While there may be some hesitancy about merging profitable Tesla with loss-making SpaceX, investors have typically given Musk a lot of leeway, buying into his long-term visions rather than financial fundamentals. There could be concerns about a conglomerate discount, Nelson says, a phenomenon that “often happens with mergers of this type with companies with two disparate businesses.” The risk is that the SpaceX-Tesla combination is worth less than the sum of its parts.
Tesla investors looking to block a merger would have limited options. Since the company shifted its legal home from Delaware to Texas in 2021, it has become harder for shareholders to initiate the type of lawsuit that temporarily derailed one of Musk’s previous pay packages. In Texas, shareholders must hold at least 3% of a firm’s stock to be able to file a derivative suit, meaning they sue the board on behalf of the company for breach of fiduciary duty. Other than Musk, less than a handful of big institutional investors meet this ownership threshold by themselves. It’s a high bar for a coalition of shareholders to meet.

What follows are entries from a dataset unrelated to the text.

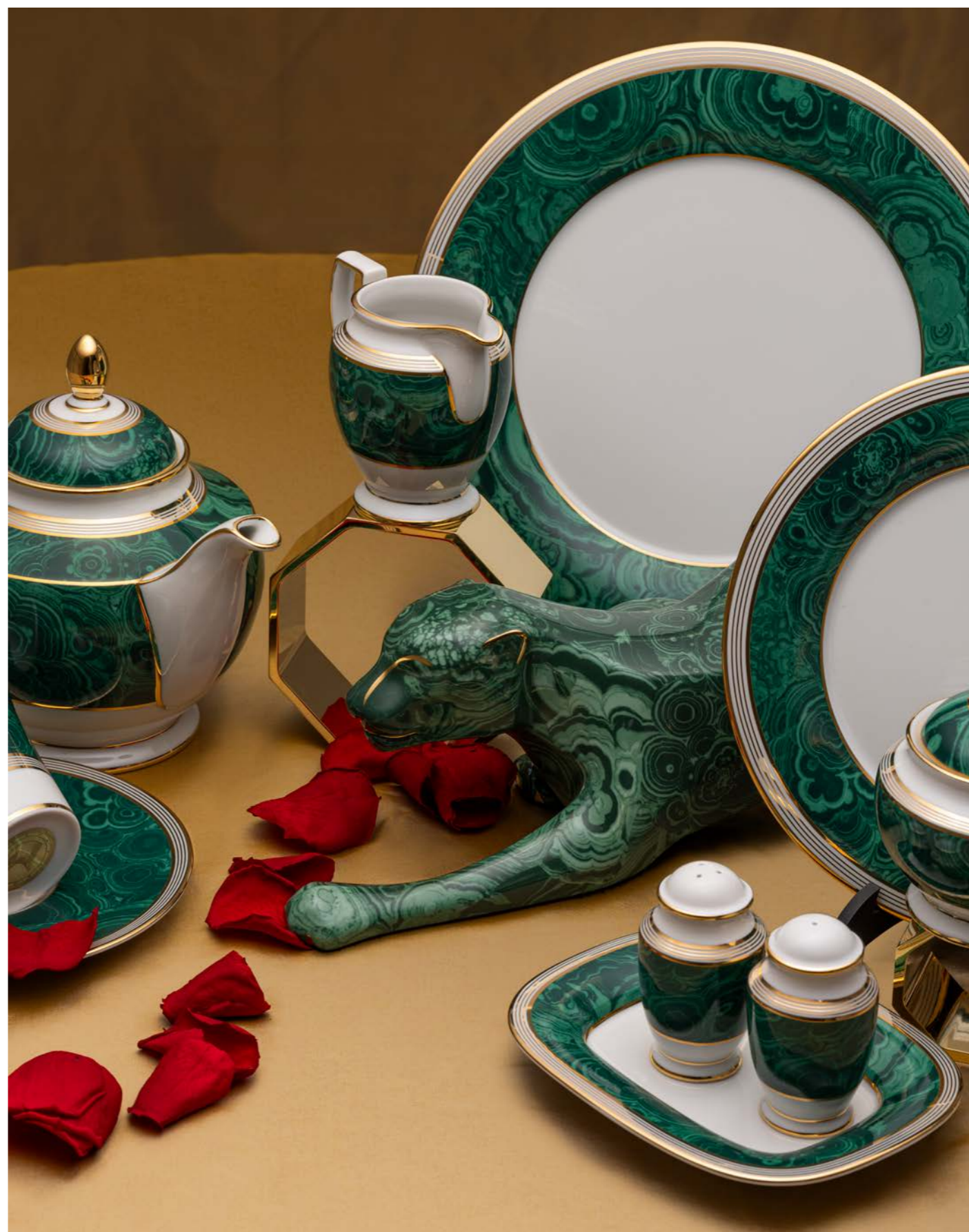
The colours of the porcelain services are carefully selected and blended with the smooth lines, as if the STEFANO RICCI table not only hosts the guests but also their dreams and desires of beauty. These stunning pieces not only symbolize luxury and high quality, but also reflect the artistic process which can take more than fifty hours of artisanal work.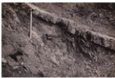
Unconformity, Long Mynd and purple shales (green at top) at high dip under Valentian. Plowden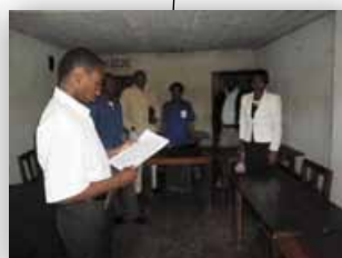
Democratic Republic of Congo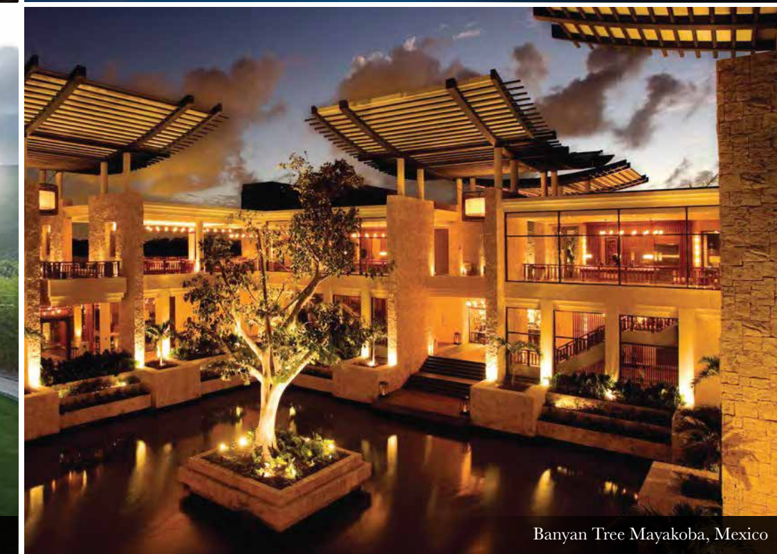
Banyan Tree Mayakoba, Mexico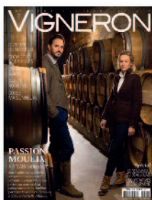
N° 28 - SPRING 2017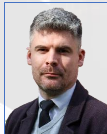
Trust VP (Cambs.)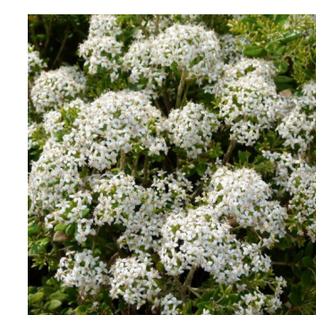
Olearia x haastii

BIRD BOXES Schwegler 1B Bird Boxes - Olive Green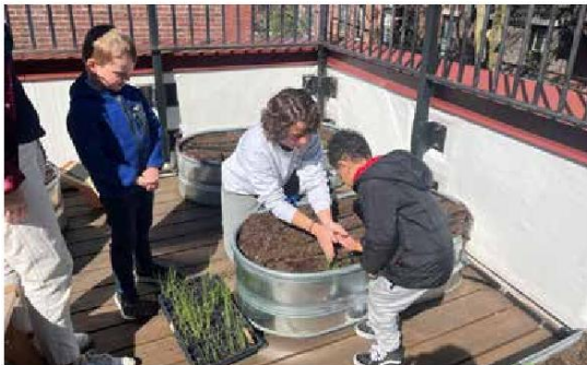
Ellis Early Learning students plant vegetables on the roof deck garden at Ellis in the South End with the help of Green City Growers.

"We hope the positive effects of this program reach beyond the classroom, making nutritional food and healthy eating habits more accessible to both Ellis students and their families," said Ellis Early Learning CEO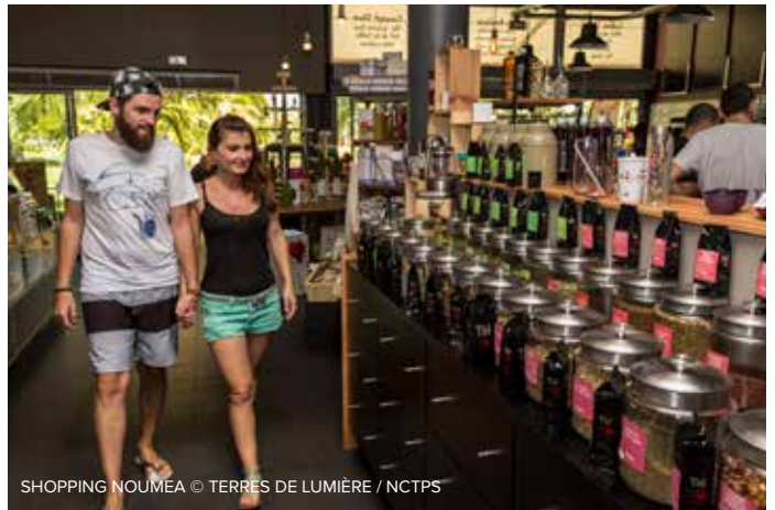
SHOPPING NOUMÉA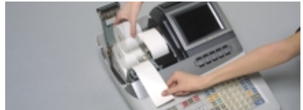
• Drop-in paper-loading for quick, easy paper roll changes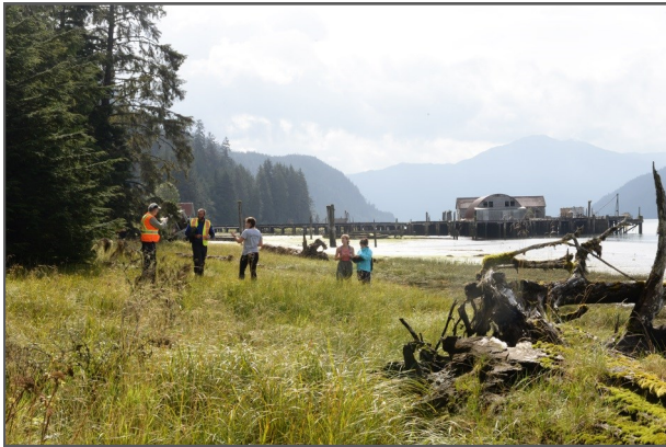
Course students examining salt marsh communities at Cassiar Cannery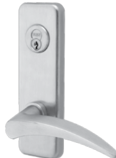
Lever-17 Escutcheon - J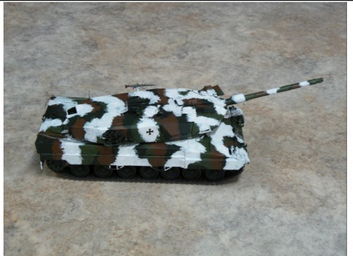
Category 7 – Armor – 1/35 and Larger – Good Guys

First Place Entry 7 by Matt Oursler F-4F-3 Wildcat Trumpeter 1/32 Scale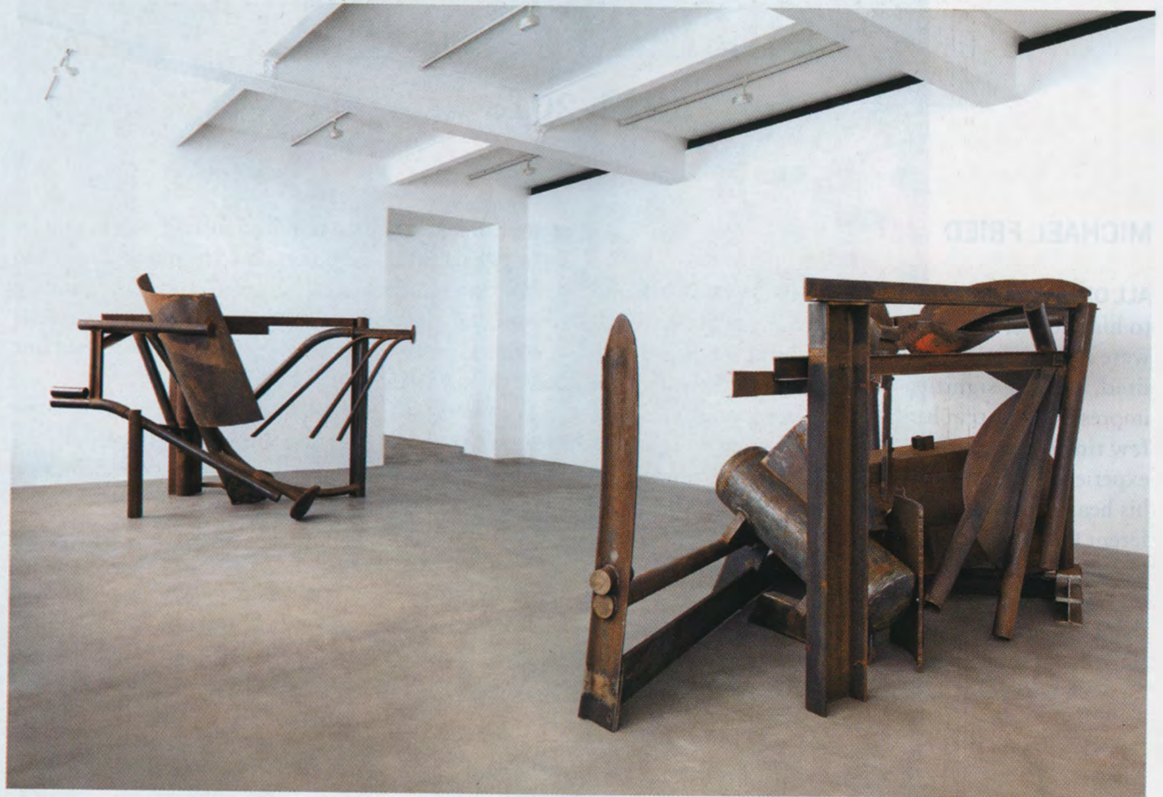
View of "Anthony Caro: Park Avenue Series," 2013, Gagosian Gallery, London. From left: Torrents, 2012; Clouds, 2012. Both from the series "Park Avenue," 2010–12.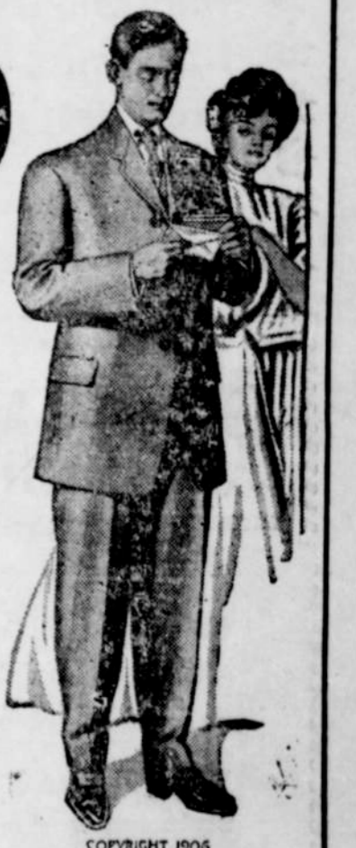
COPYRIGHT 1906 FRIEND BROS CLOTHING CO. MILWAUKEE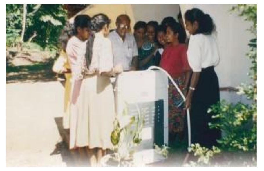
Demonstration in use of a washing machine given by Instructor to a group of prospective Migrants prior to Departure Migrant Worker Association Dehiwala

Industrial labor discipline and manners, labor security.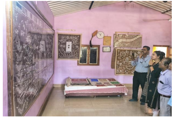
Warli Exhibition in the Festival

Demonstration of Traditional Crafts - Visitors had the unique opportunity to engage with traditional crafts through interactive workshops led by skilled artists. Sessions on Warli painting, bamboo basketry, and tarpa instrument making allowed participants to try their hand at these indigenous crafts, fostering a hands-on understanding of the artistic traditions deeply rooted in the region. These workshops not only served as learning experiences but also encouraged dialogue between artists and visitors, strengthening appreciation for local craftsmanship.

Could a merger face regulatory hurdles?
There could be scrutiny around the potential national security implications as SpaceX is a large US government contractor, while Tesla has major manufacturing operations in China. SpaceX is subject to strict restrictions around sharing technical information on defense systems, hiring and foreign business. Because of these regulations, it has had to keep xAI operationally separate.
A merger involving two large public companies would likely require US antitrust approval, although the regulatory environment is likely to be more favorable under the Trump administration. In early July, prediction market Kalshi put the odds of a SpaceX-Tesla combination happening before 2028 — the year of the next US presidential election — at 62%.